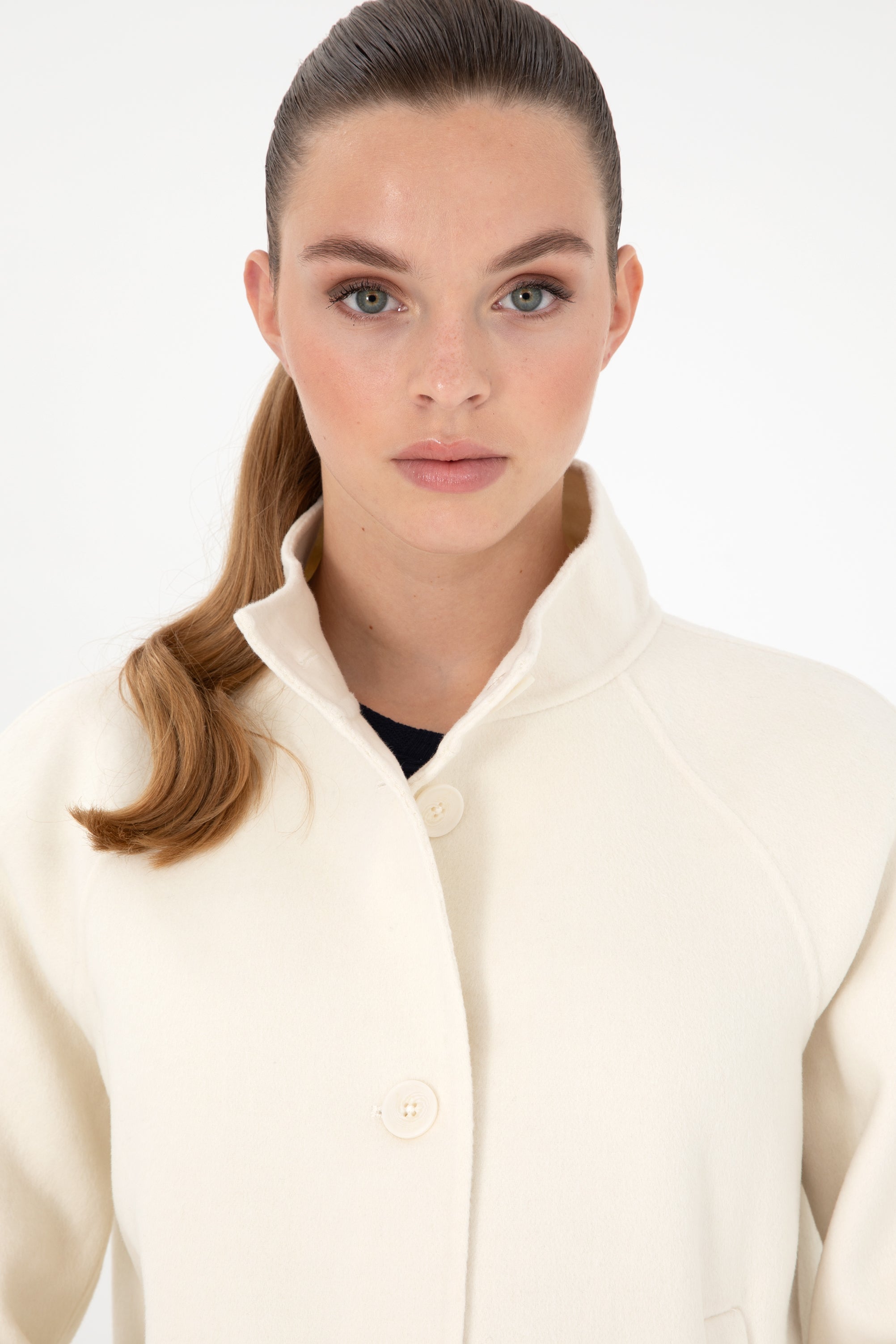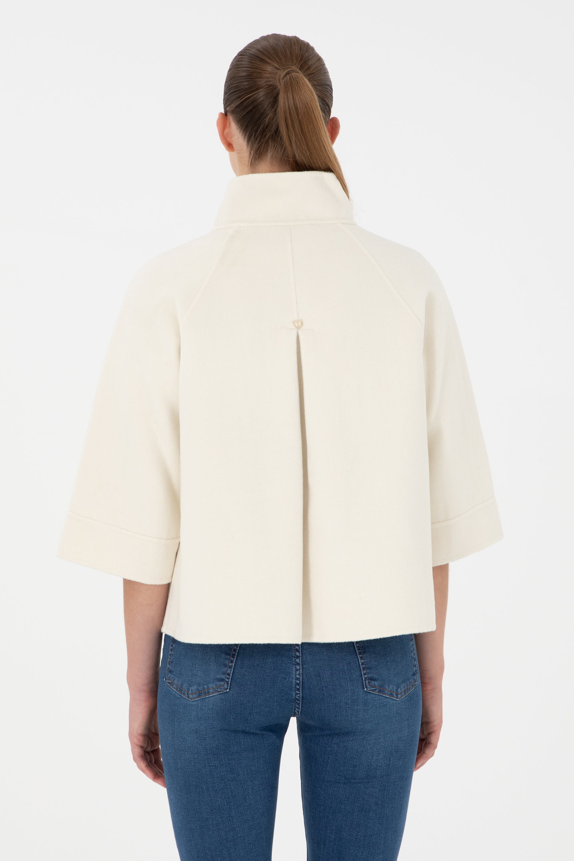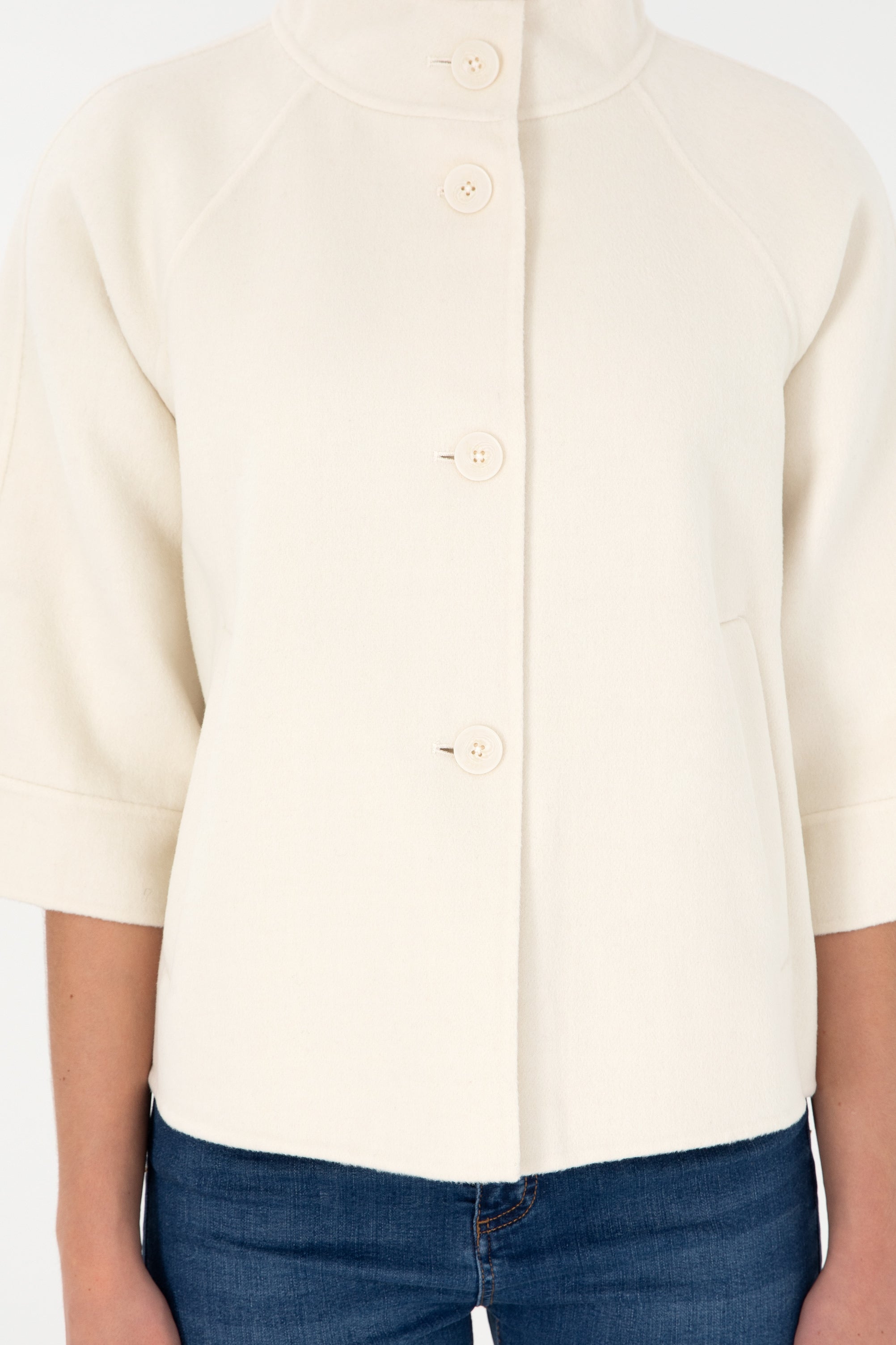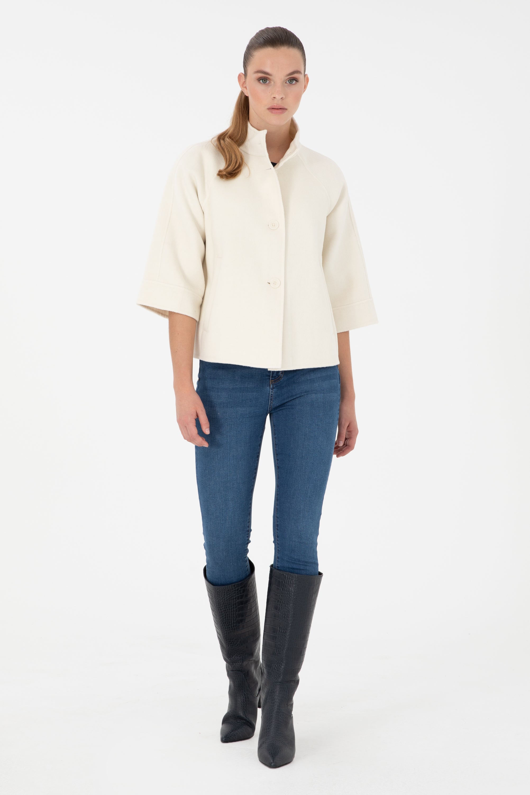 Elegantni kaput u svijetloj bež boji donosi sofisticiranost i udobnost tokom proljetnih dana. Njegov kroj ističe figuru, dok širi rukavi omogućavaju slobodu pokreta i dodatnu ventilaciju. Na prednjem dijelu kaputa nalaze se tri upečatna dugmeta koja doprinose modernom izgledu. Ovaj kaput je idealan za razne prilike, bilo da se radi o svakodnevnim izlascima ili formalnim događanjima, a lako se kombinuje sa različitim stilovima i odjevnim predmetima poput bluza, hlača ili suknji.
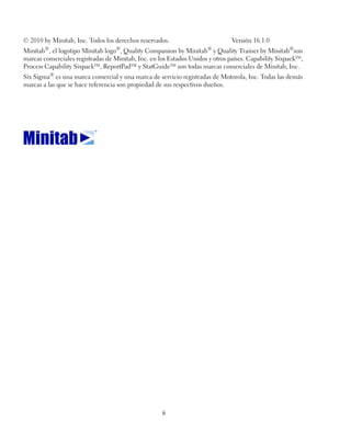 Este documento proporciona una introducción al software estadístico Minitab. Incluye información sobre los derechos de autor de Minitab, una tabla de contenido que enumera los capítulos sobre gráficos de datos, análisis estadístico, calidad y diseño de experimentos, y breves descripciones de cada capítulo. El documento proporciona instrucciones sobre cómo utilizar las principales funciones de Minitab.
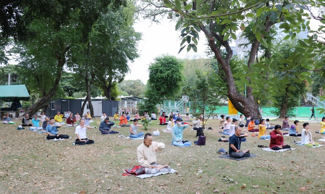 清晨,学员们齐聚是乐园(Lumphini Park)炼功点集体炼功。尽管近日寒潮,气温骤降,许多学员表示炼功场暖暖的。炼功时能量场很强,靠近炼功场,感到内心祥和、舒适。
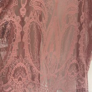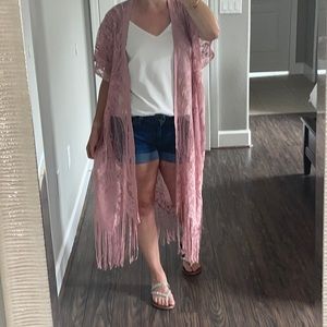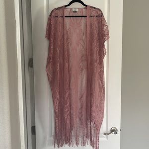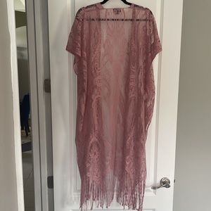 Mauve, lace, fringe kimono or cover-up
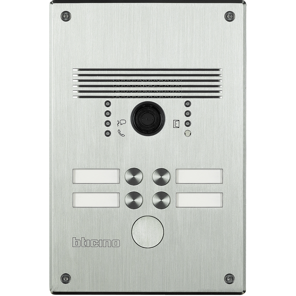 Video vstupní panel LINEA 300 má k dispozici 4x zvonkové tlačítko. Úhel záběru kamery je 124°. Provedení antivandal (nerezová ocel INOX, tloušťka 4mm – IP54, IK 07). Možnost osazení elektronickou čtečkou s centrální administrací
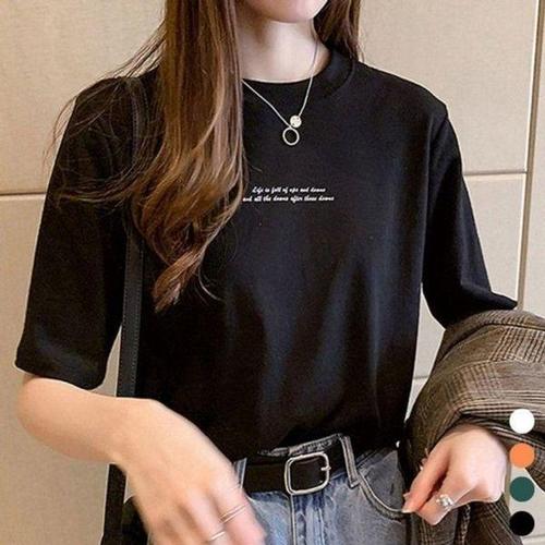 [에이치플러스몰]기본 여성 캐주얼 영문 반팔 필수템 라운드 티셔츠 UR
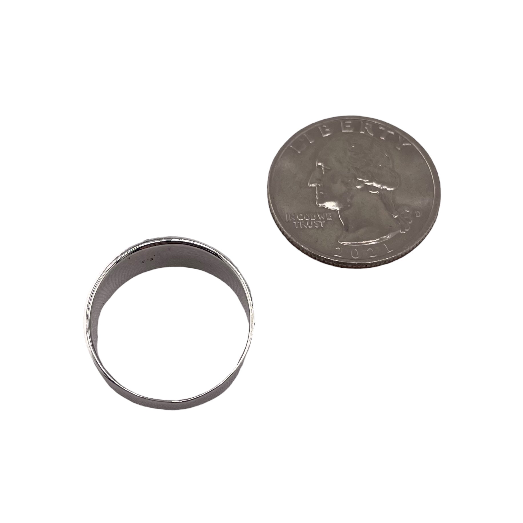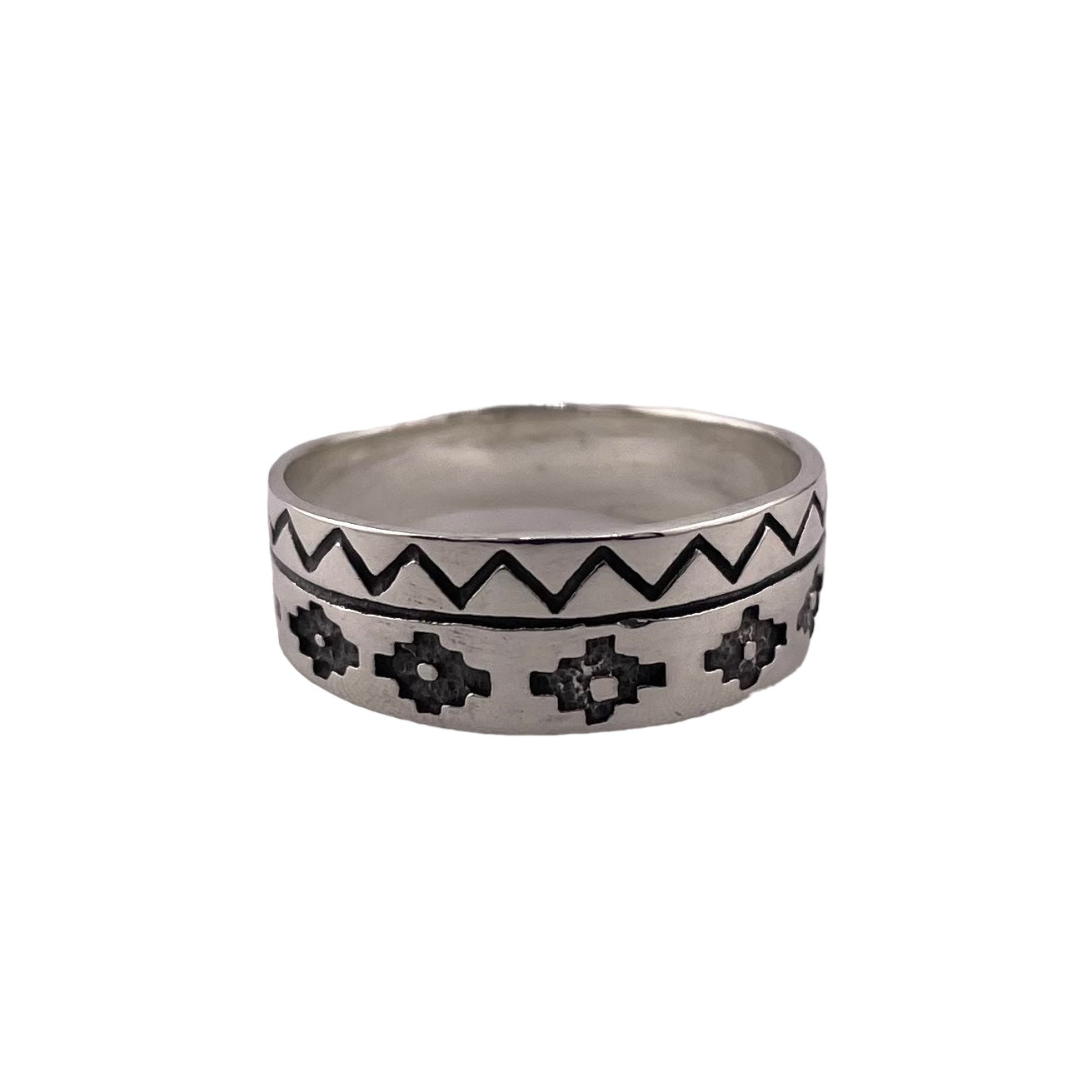Stamped Pattern 7.5mm Band Ring Sterling Silver. This ring measures 7.5mm wide. It is available in sizes 7-10.
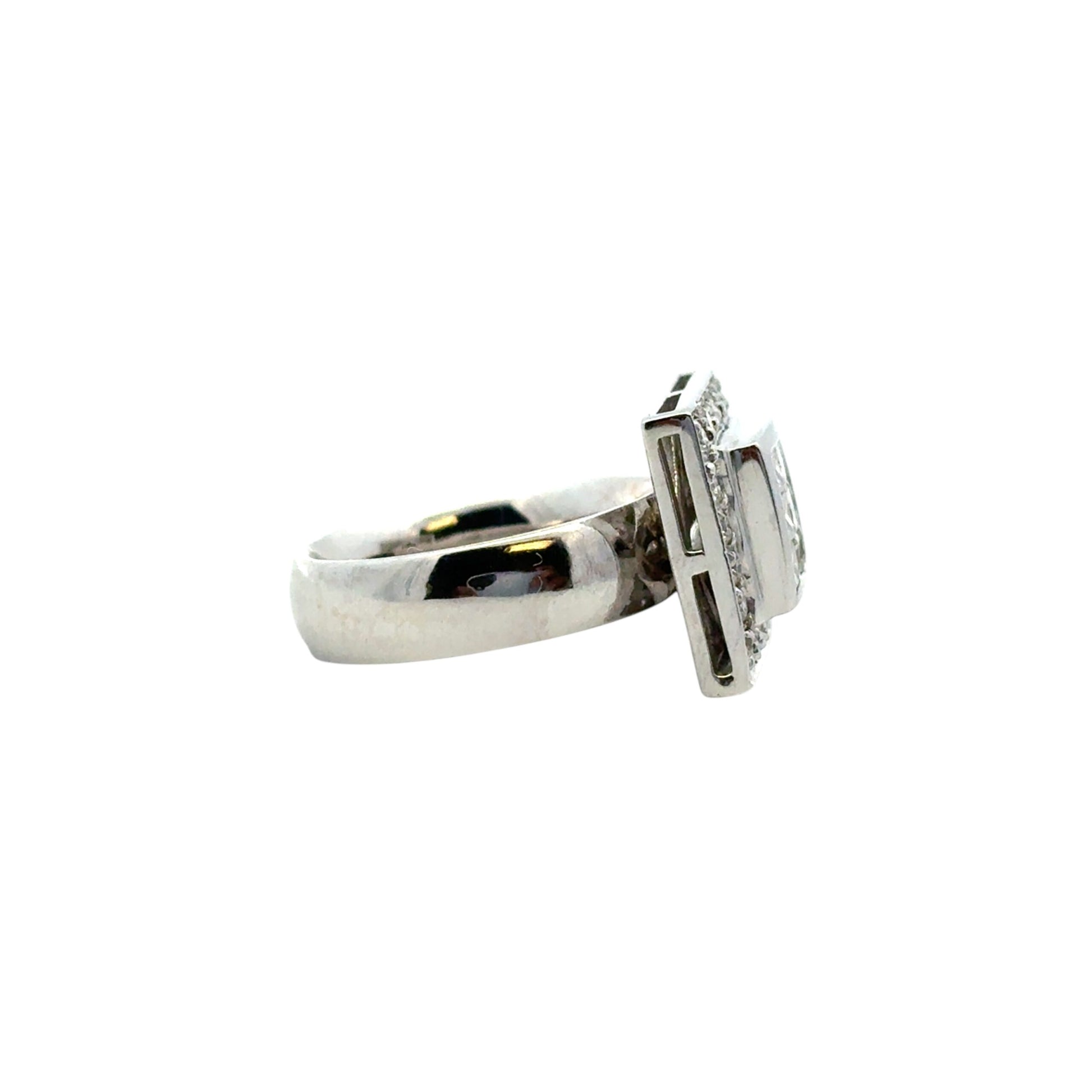 | Matching Ring | This ring has matching earrings: 18k White Gold Rhombus approx. 0.82ctw Square Diamond Earrings (G14737). |

= = = = = = =

Exercise objective | Counting the line with "[에이치플러스몰]기본 여성 캐주얼 영문 반팔 필수템 라운드 티셔츠 UR" and the last line of the data above, transcribe those two lines and every line between them exactly, without the pictures.

Response |
 [에이치플러스몰]기본 여성 캐주얼 영문 반팔 필수템 라운드 티셔츠 UR
Stamped Pattern 7.5mm Band Ring Sterling Silver. This ring measures 7.5mm wide. It is available in sizes 7-10.
 | Matching Ring | This ring has matching earrings: 18k White Gold Rhombus approx. 0.82ctw Square Diamond Earrings (G14737). |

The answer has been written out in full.